** Opening Supplied information block **

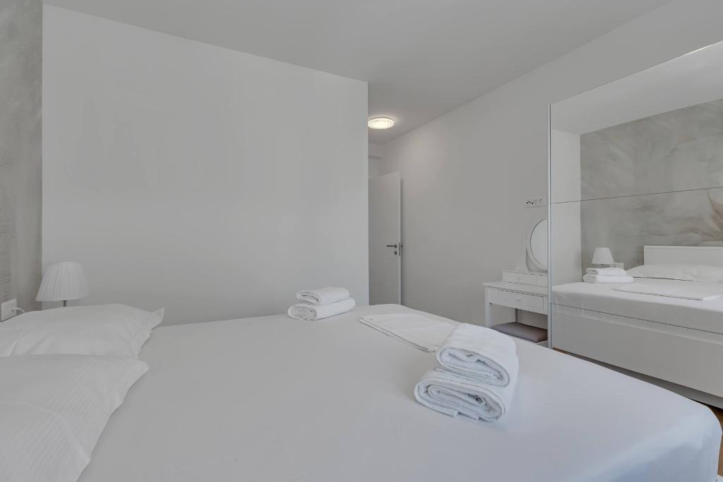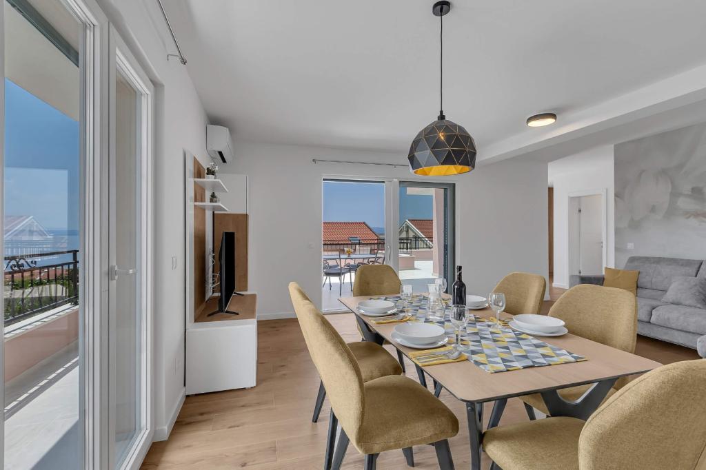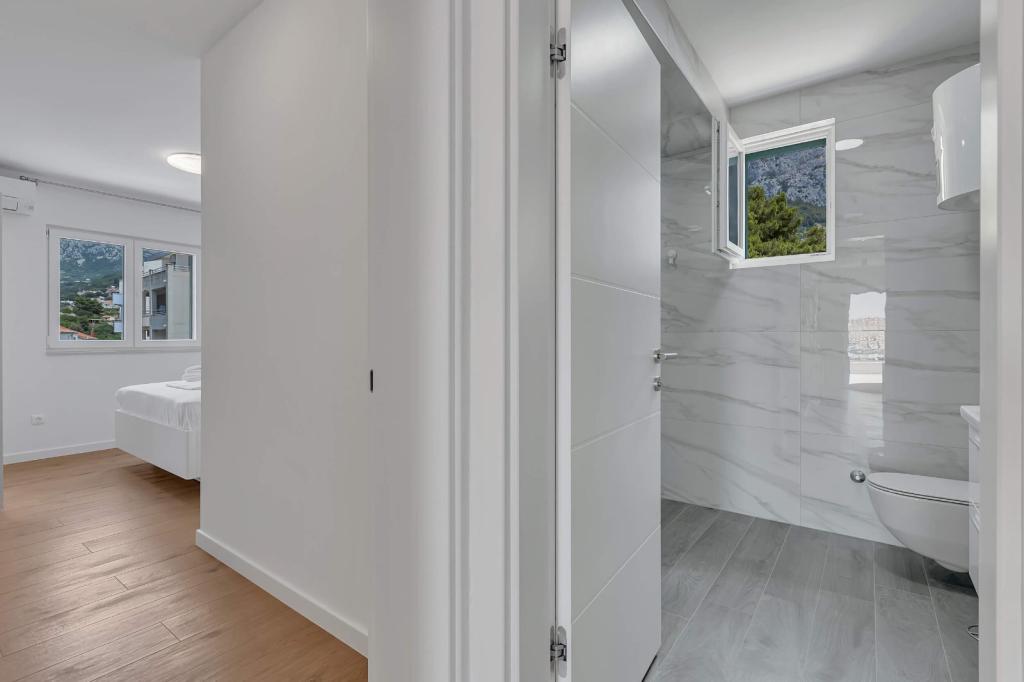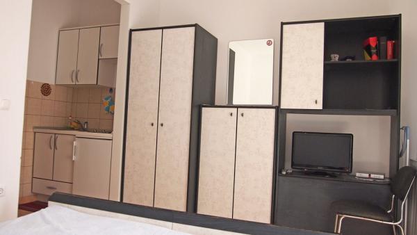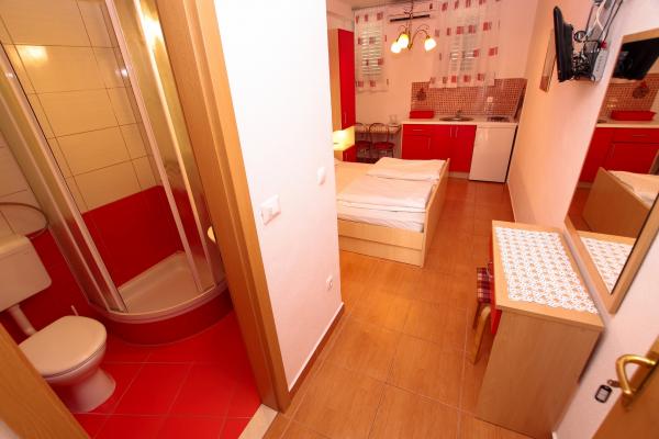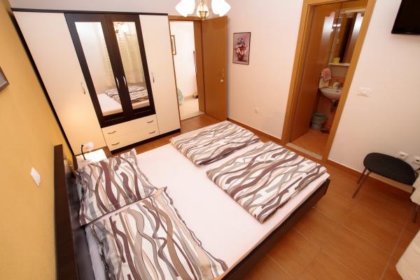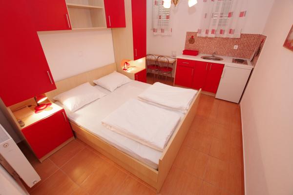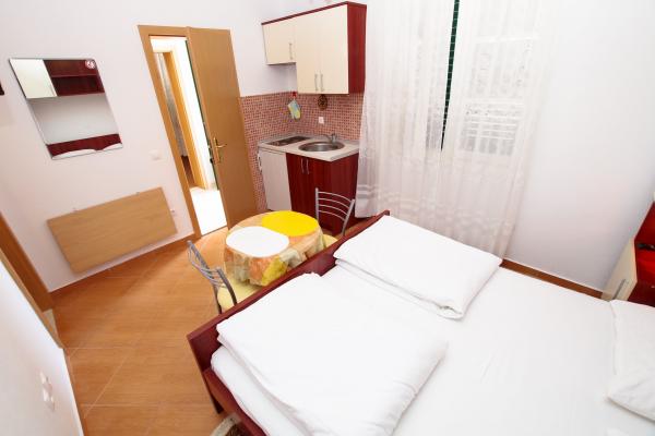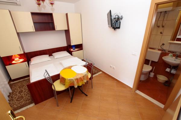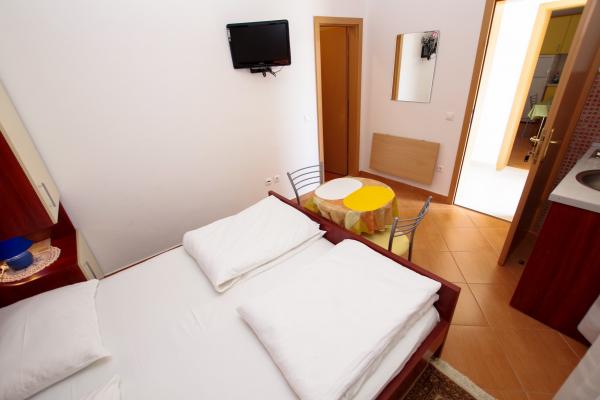 Facilitățile noastre de cazare sunt situate în interiorul casei în care locuim. Pe lângă parcarea păzită din interiorul casei, am pus la dispoziție tuturor oaspeților televizoare, aer condiționat și acces la internet Wi-Fi rapid. Suntem situați la câteva minute de mers pe jos de centru și de mare, iar la aproximativ 10 minute de mers pe jos de plajă. La parter se află trei apartamente studio pentru două persoane și unul pentru trei persoane, iar la primul etaj se află două apartamente studio pentru două persoane. La etajul al doilea se află un apartament nou construit pentru patru persoane, clasificat cu patru stele, cu o suprafață de peste 90 de metri pătrați și un balcon de peste 50 de metri pătrați. Apartamentul este format din două dormitoare, două băi, un living spațios cu bucătărie și două balcoane. Este complet nou mobilat, cu toate electrocasnicele necesare, cum ar fi mașină de spălat și mașină de spălat vase, cuptor cu microunde, frigider, trei aparate de aer condiționat…
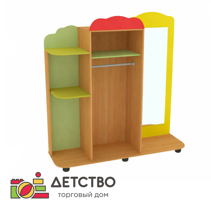 Преимущества уголка ряжений:- Интерактивный дизайн: Уголок оформлен в привлекательных цветах и включает в себя зеркала, вешалки и полки для хранения костюмов, что создает атмосферу настоящего театра и вдохновляет детей на творчество.
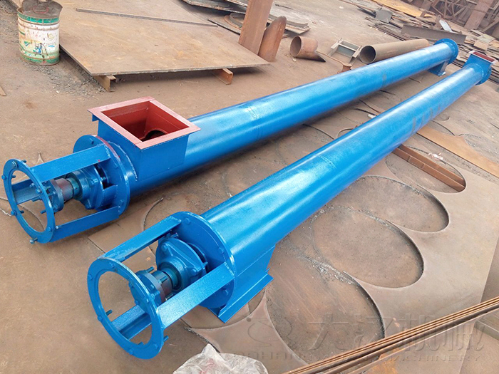 水平管式螺旋給料機(jī)適合多點(diǎn)裝料與卸料,輸送過程中可同時(shí)完成混合、攪拌或冷卻功能。對(duì)超載敏感,易堵塞;對(duì)物料有破碎損耗,適用于水平或微傾斜(20º以下)連續(xù)均勻輸送松散物料,工作環(huán)境溫度為-20—+40℃,輸送物料溫度為-20—+80℃。其轉(zhuǎn)速相對(duì)于垂直輸送機(jī)要低,主要用于水平或小傾角輸送物料,輸送距離一般不大于70米。
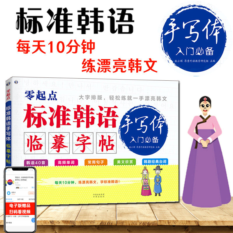 📚 零起点标准韩语手写体临摹字帖 韩文练字 韩语单词 韩语字帖手写体 大学生韩语自学基础入门字体练习 韩语自学入门教材 韩国
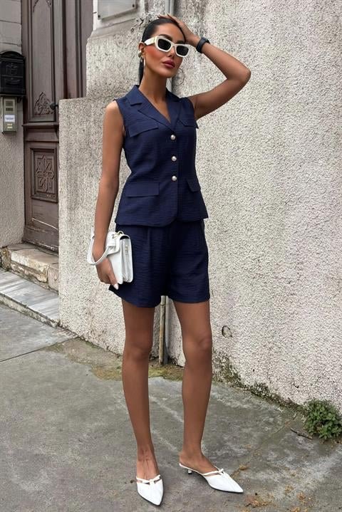 Crop Ceketli Ve Pile Etekli Garnili Takım 10111
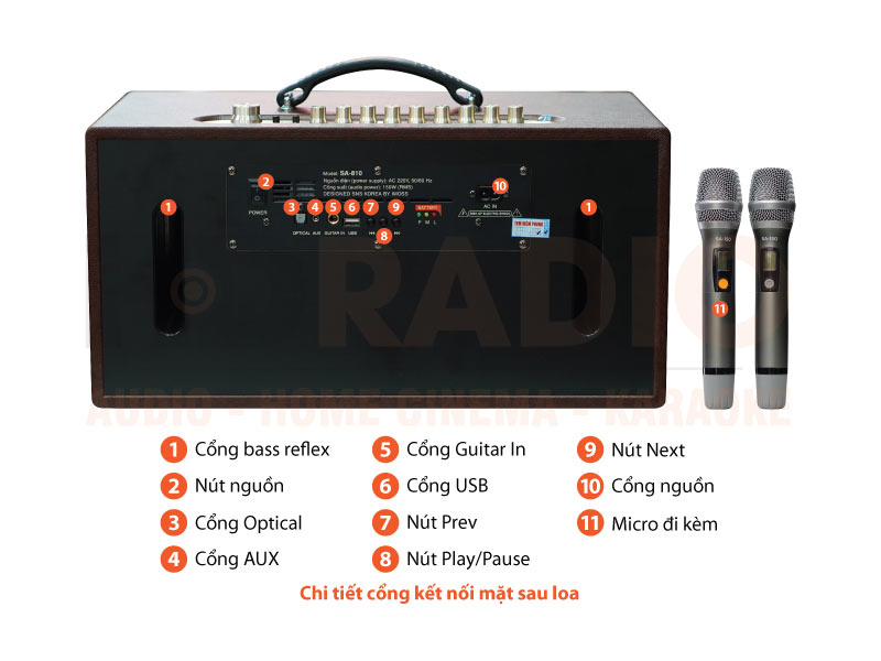 Đánh giá Loa Acrowin SA810, Bass 16cm, Công Suất 150W, Bluetooth, Optical, Kèm 2 Tay Mic

** Closing Supplied information block **

**Exercise aim:**
Write out exactly the lines from the line holding "水平管式螺旋給料機(jī)適" through the last line of the records above, inclusive, and nothing more. Leave out the pictures.

**Task solution:**
 水平管式螺旋給料機(jī)適合多點(diǎn)裝料與卸料,輸送過程中可同時(shí)完成混合、攪拌或冷卻功能。對(duì)超載敏感,易堵塞;對(duì)物料有破碎損耗,適用于水平或微傾斜(20º以下)連續(xù)均勻輸送松散物料,工作環(huán)境溫度為-20—+40℃,輸送物料溫度為-20—+80℃。其轉(zhuǎn)速相對(duì)于垂直輸送機(jī)要低,主要用于水平或小傾角輸送物料,輸送距離一般不大于70米。
 📚 零起点标准韩语手写体临摹字帖 韩文练字 韩语单词 韩语字帖手写体 大学生韩语自学基础入门字体练习 韩语自学入门教材 韩国
 Crop Ceketli Ve Pile Etekli Garnili Takım 10111
 Đánh giá Loa Acrowin SA810, Bass 16cm, Công Suất 150W, Bluetooth, Optical, Kèm 2 Tay Mic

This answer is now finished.